- _Requirement_: Everything from the line containing "T'as raté la" through the final line below must be output exactly, both ends included, with nothing else and no pictures.

- _Data_:
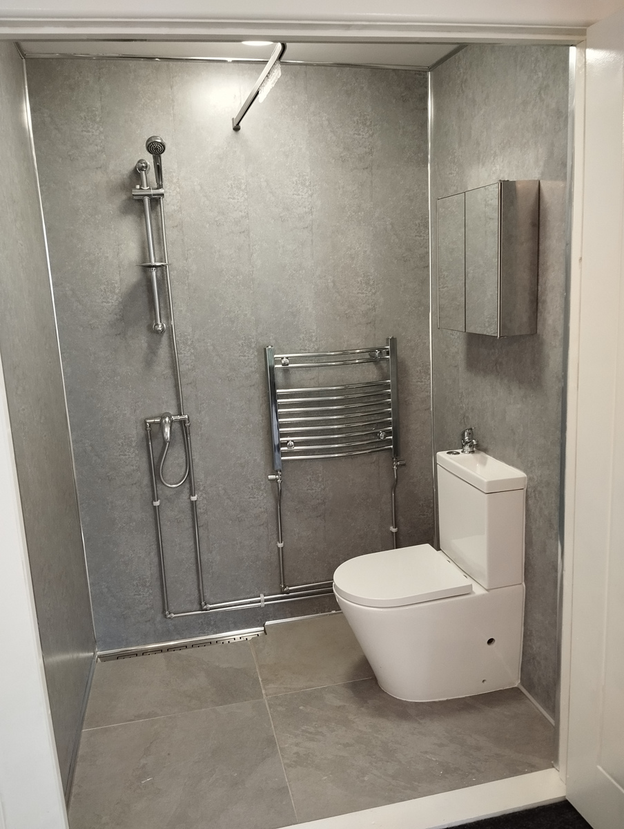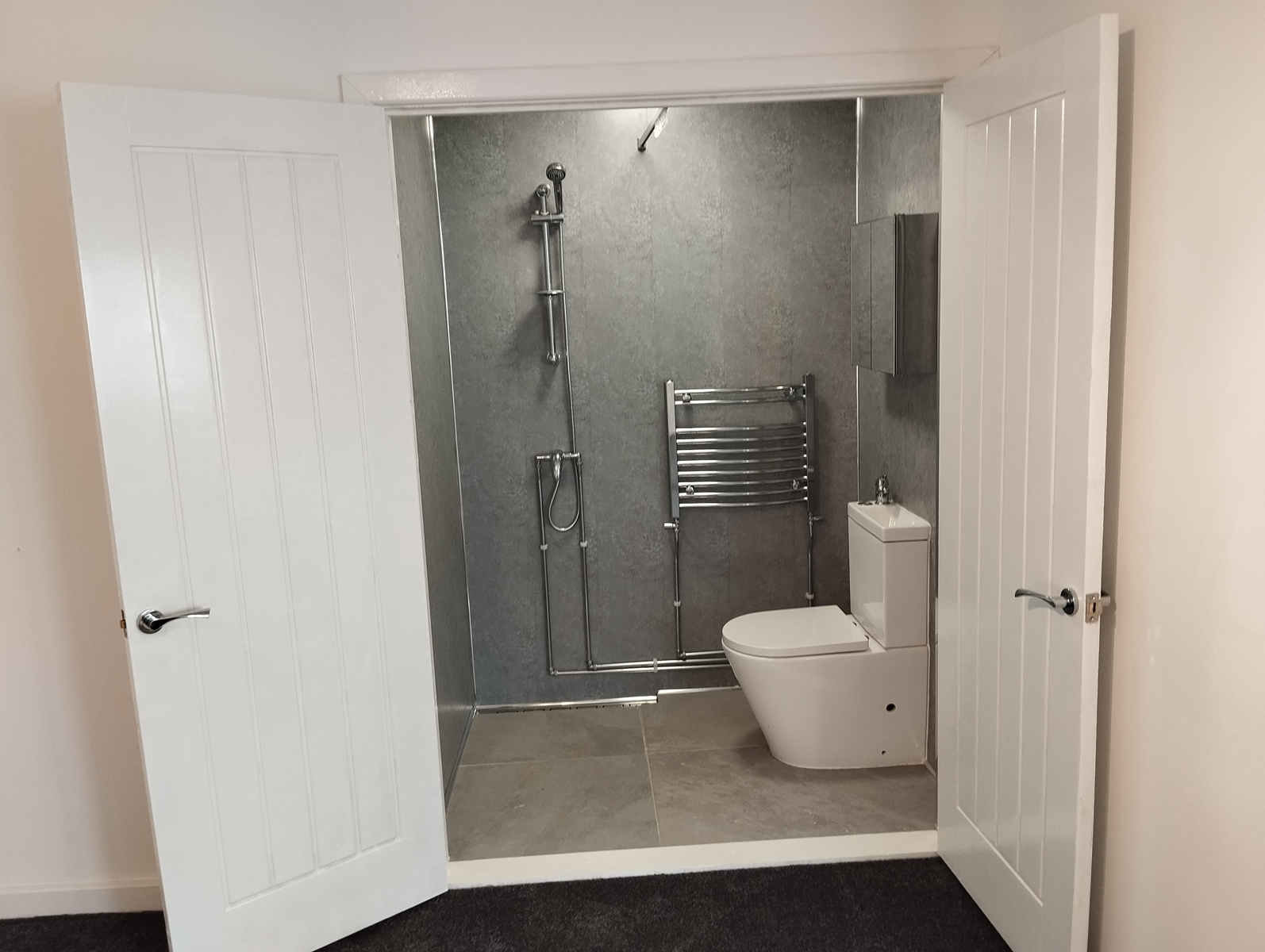 Double doors wheelchair accessible with towel radiator and w,c hand basin and shower curtain
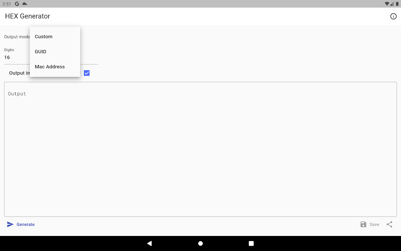 Generator string hex sederhana dengan kemampuan untuk menghasilkan 3 jenis berbeda, termasuk alamat MAC dan GUID. Output dapat dihasilkan dalam huruf kecil dan besar
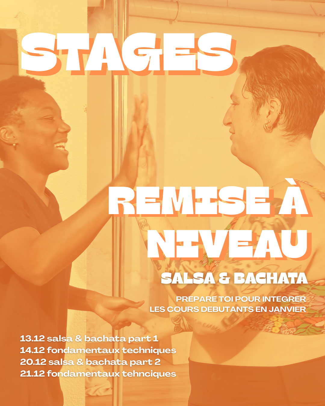 T'as raté la rentrée alors que ton rêve c'est d'apprendre la salsa ou la bachata dans un cours de danse queer ?! Heureusement pour toi, tu peux maintenant rattraper 4 mois de cours réguliers et intégrer nos cours en janvier !
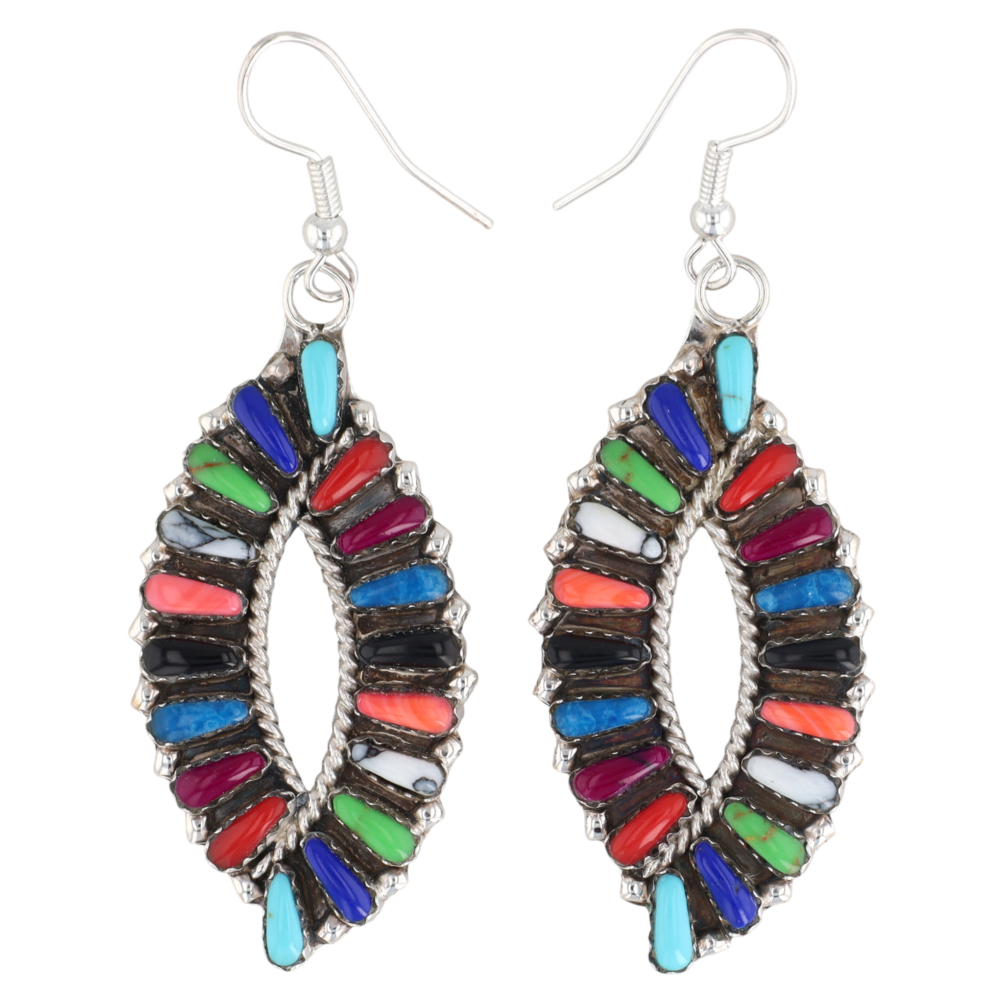 A pair of Tamara Benally Navajo sterling silver multi-stone cluster drop earrings. Each earring features an elongated ovoid form with an open center, adorned with numerous small, bezel-set cabochon stones. The stones, primarily in petit point shapes, display a variety of stones including turquoise, lapis, coral, gaspeite, white buffalo, denim lapis, spiny oyster, and purple stone, arranged along both the outer and inner perimeters. The metal setting exhibits an oxidized finish in recessed areas. Each earring is stamped ‘TB’ above ‘Sterling’ on the reverse.

- _Problem solution_:
 T'as raté la rentrée alors que ton rêve c'est d'apprendre la salsa ou la bachata dans un cours de danse queer ?! Heureusement pour toi, tu peux maintenant rattraper 4 mois de cours réguliers et intégrer nos cours en janvier !
 A pair of Tamara Benally Navajo sterling silver multi-stone cluster drop earrings. Each earring features an elongated ovoid form with an open center, adorned with numerous small, bezel-set cabochon stones. The stones, primarily in petit point shapes, display a variety of stones including turquoise, lapis, coral, gaspeite, white buffalo, denim lapis, spiny oyster, and purple stone, arranged along both the outer and inner perimeters. The metal setting exhibits an oxidized finish in recessed areas. Each earring is stamped ‘TB’ above ‘Sterling’ on the reverse.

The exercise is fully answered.